%%

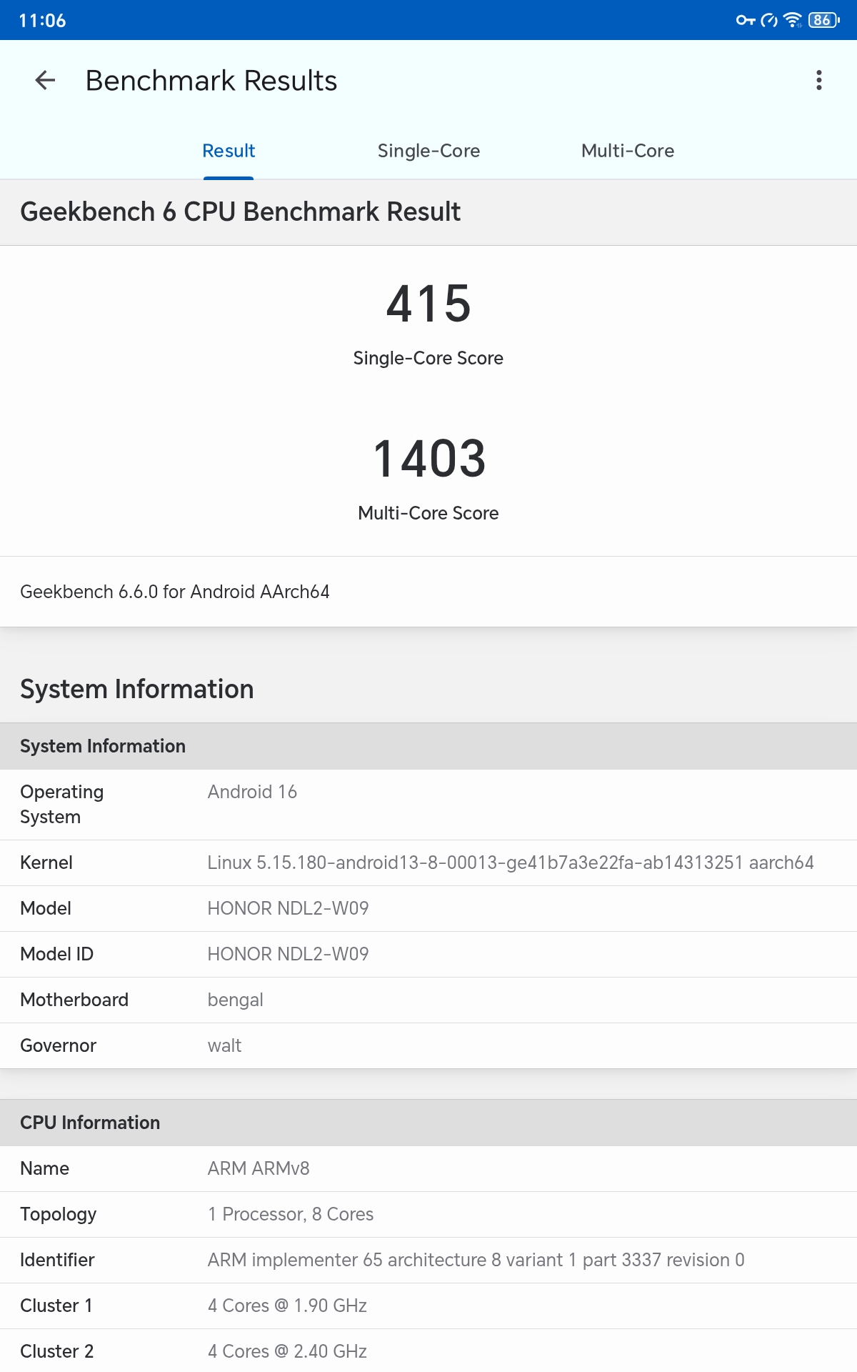 Экономия ради удешевления отразилась не только на экране, но и на начинке. У Honor Pad X8b она такая же, как у двухлетнего Pad X8a — на базе процессора Snapdragon 680, который подходит для базовых задач. Только на бенчмарки, конечно, ориентироваться не нужно, но цифры здесь такие:
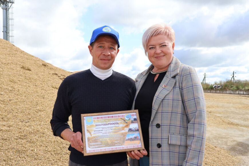 – Такого результата непросто было достичь, учитывая те погодные условия, которые сложились в сезон жатвы, – подчеркнула, обращаясь к передовикам, Анжела Лукашевич. – Желаю вам, чтобы погода сопутствовала вашей работе, чтобы техника не подводила вас, чтобы бункер наполнялся как можно быстрее.
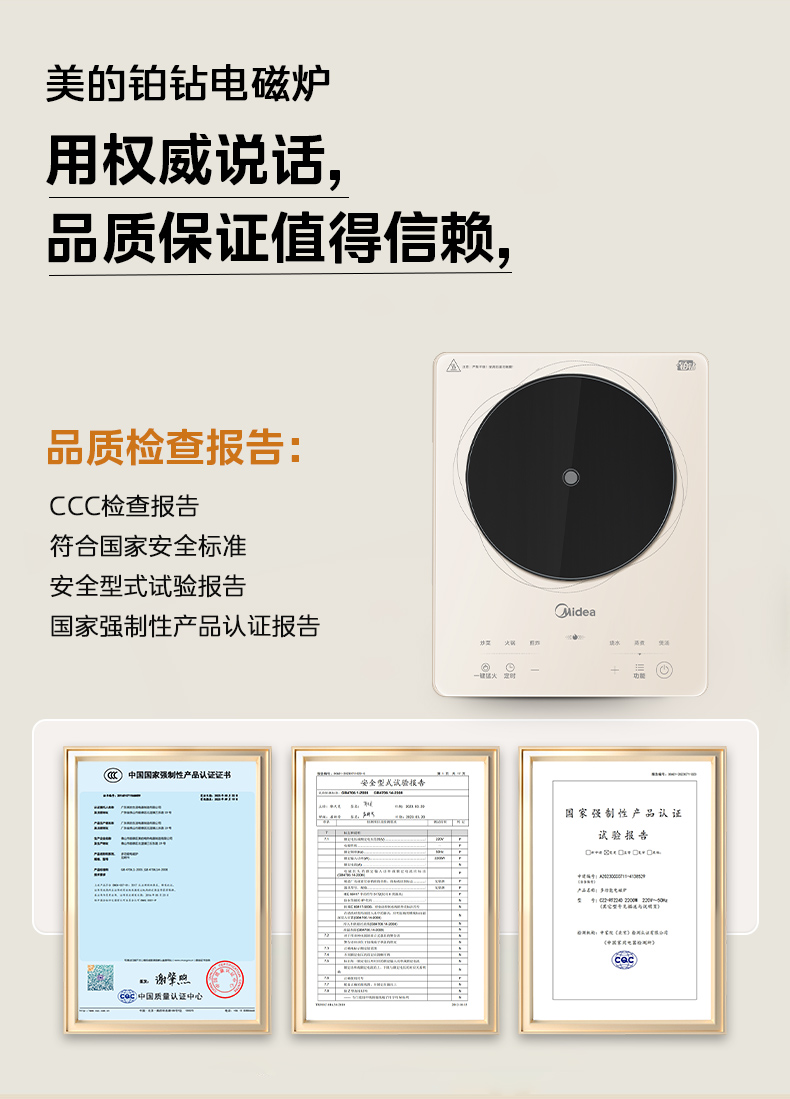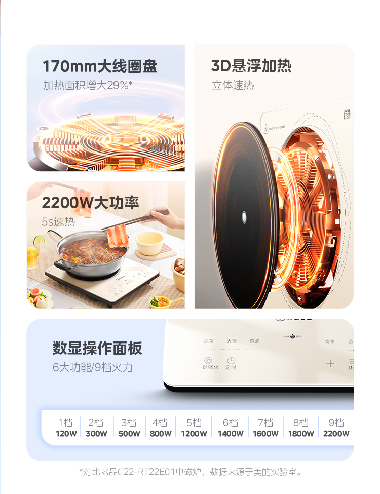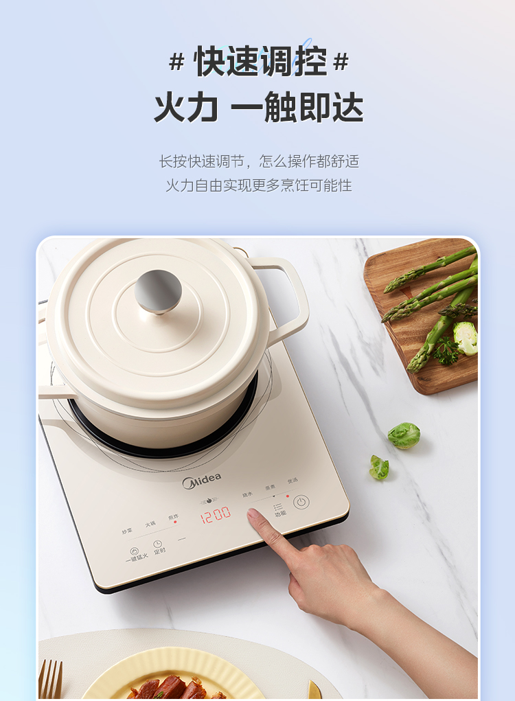 美的铂钻电磁炉家用小型炒锅节能大功率智能大火力爆炒官方正品
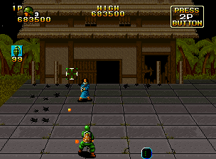 NAM-1975 drops players straight into the heart of the Vietnam conflict with a classic run-and-gun experience. You and an optional second player navigate open battlefields, riverbanks, jungles, and enemy encampments, all while guarding your on-screen cursor as the barrel of a mounted machine gun. The responsive controls let you move independently of your aim, providing that satisfying feeling of mowing down foes across multiple planes of depth.
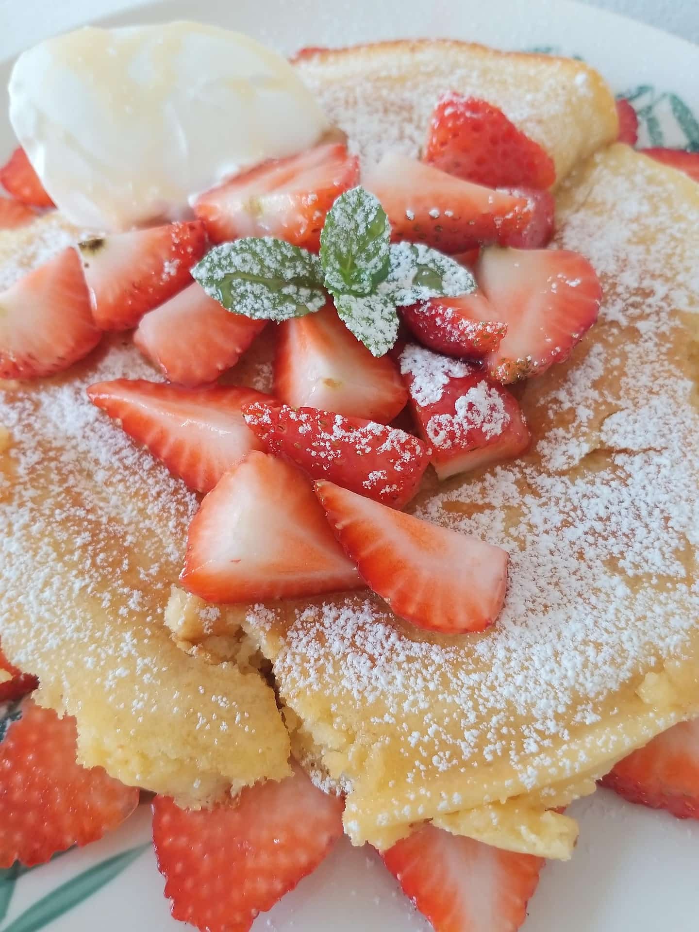 Serve warm with maple syrup or honey, fruits and whipped cream.
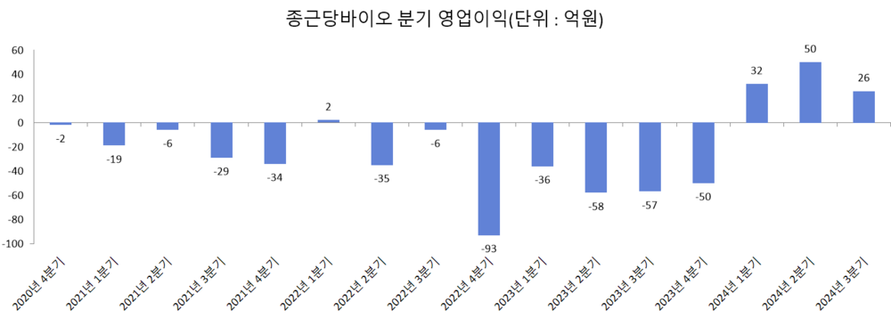 22일 금융감독원 전자공시시스템 자료에 따르면, 종근당바이오가 분기 영업이익 흑자를 올해 3분기까지 이어갔다. 이 회사 3분기 영업이익은 26억원으로, 전년 동기 영업손실 57억원 대비 흑자 전환했다.
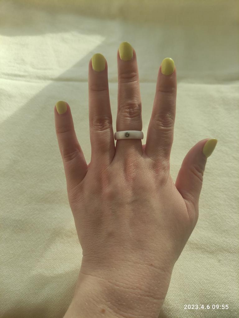 Осталась очень довольна! На вид кольцо качественно сделано. Размер 8 примерно соответствует нашему 18. Село на пальчик плотненько. На звук материал кольца точно не акрил. Действительно похоже, что керамика. Цвет белый, правда совсем слегка с перламутром. Но это почти не заметно. Удобно ощущается на пальце. Кольцо смотриться элегантно. Мне понравилось) Пришло потрясающе быстро, примерно за 2 недели.
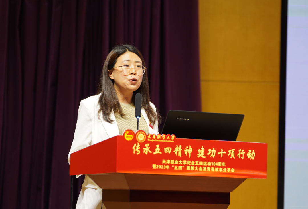 天津市优秀共青团干部、校团委王笛做《用初心服务青年成才 用真爱陪伴青年成长》分享展示
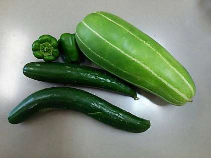 やまぶき、万願寺とうがらし、玉造黒門うり、キュウリ、ピーマンです。
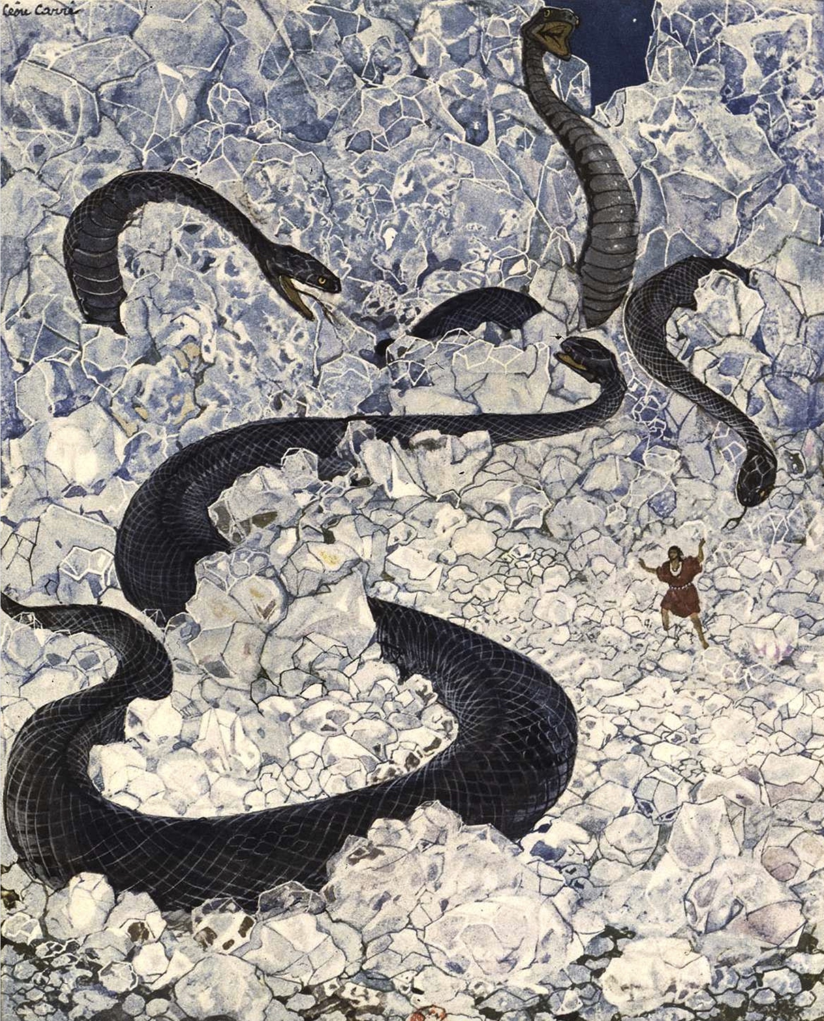 Les aventuriers restent pétrifiés d’horreur. Puis le plus brave, Frampton, lève son poing armé d’un revolver…
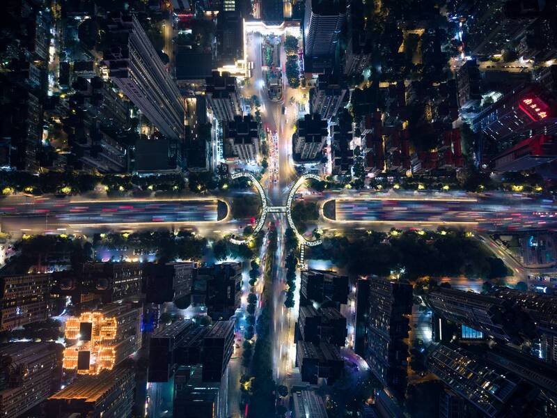 Creative idea: This work is taken from a night view of Guangzhou, China, capturing the rapidly developing city and developed transportation through aerial photography. Using a central composition, it expresses the accelerated rise of Chinese technology
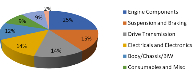 The auto component industry in India is composed of organized and unorganized sector. The organized sector refers to original equipment manufacturers (OEMs) and is engaged in the manufacture of high-value precision instruments. Whereas, the unorganized sectors comprise of low-valued products catering to after-market services. The growth of global original equipment manufacturers’ (OEM) sourcing from India & the increased indigenisation of global OEMs is turning India into a preferable designing and manufacturing base. This leads to 8% of India’s R&D expenditure getting invested in the automotive sector.
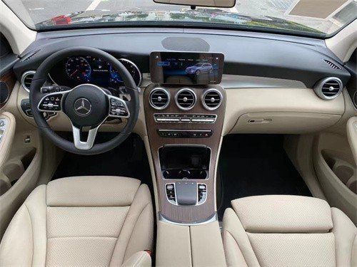 奔驰GLC (配置|询价)300内饰真皮包裹的多功能方向盘,按键布局清晰,方便了驾驶人员的操纵。下方的仪表盘内容显示清晰,方便驾驶员观察。右侧则是他的大屏刀导航,功能强大,最大程度地提高了驾驶便利,提升了驾驶乐趣。下方是他的圆形的空调出风口,再往下则是奔驰经典的“小鼠标”。中控采用棕木内饰,大幅度提升车内质感的同时,也进一步提高了汽车内饰的档次。对了,这款车还具有一键启动功能,使用也很方便。
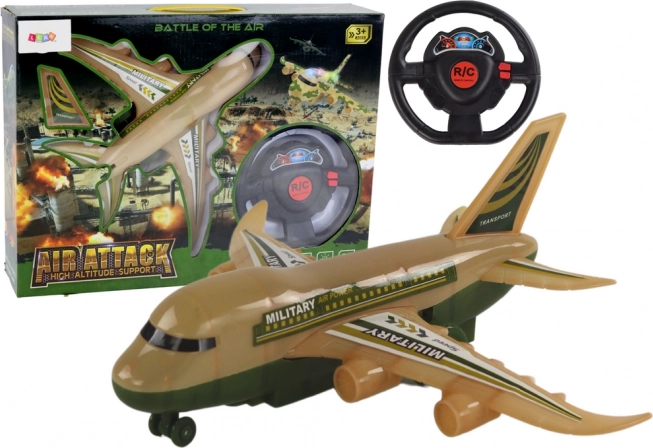 Izklaides rotaļlieta tālvadāmas lidmašīnas veidolā ar militāru maskējumu brūnos un zaļos toņos sniedz bērniem bezgalīgas piedzīvojumu iespējas. Pateicoties stingrai uzbūvei un uzmanībai detaļām, tā iepriecinās visus mazos aviācijas entuziastus. Ar pievienoto pulti bērni viegli pārņem lidojuma kontroli. Vadība ir pielāgota arī mazām rociņām, kas nodrošina ērtu lietošanu.

%%

> _Try it_
Reproduce the data above exactly, but only the lines from the one showing "Les aventuriers restent" through the one showing "Creative idea: This", with both ends kept and the pictures left out.

> _Answer section_
 Les aventuriers restent pétrifiés d’horreur. Puis le plus brave, Frampton, lève son poing armé d’un revolver…
 Creative idea: This work is taken from a night view of Guangzhou, China, capturing the rapidly developing city and developed transportation through aerial photography. Using a central composition, it expresses the accelerated rise of Chinese technology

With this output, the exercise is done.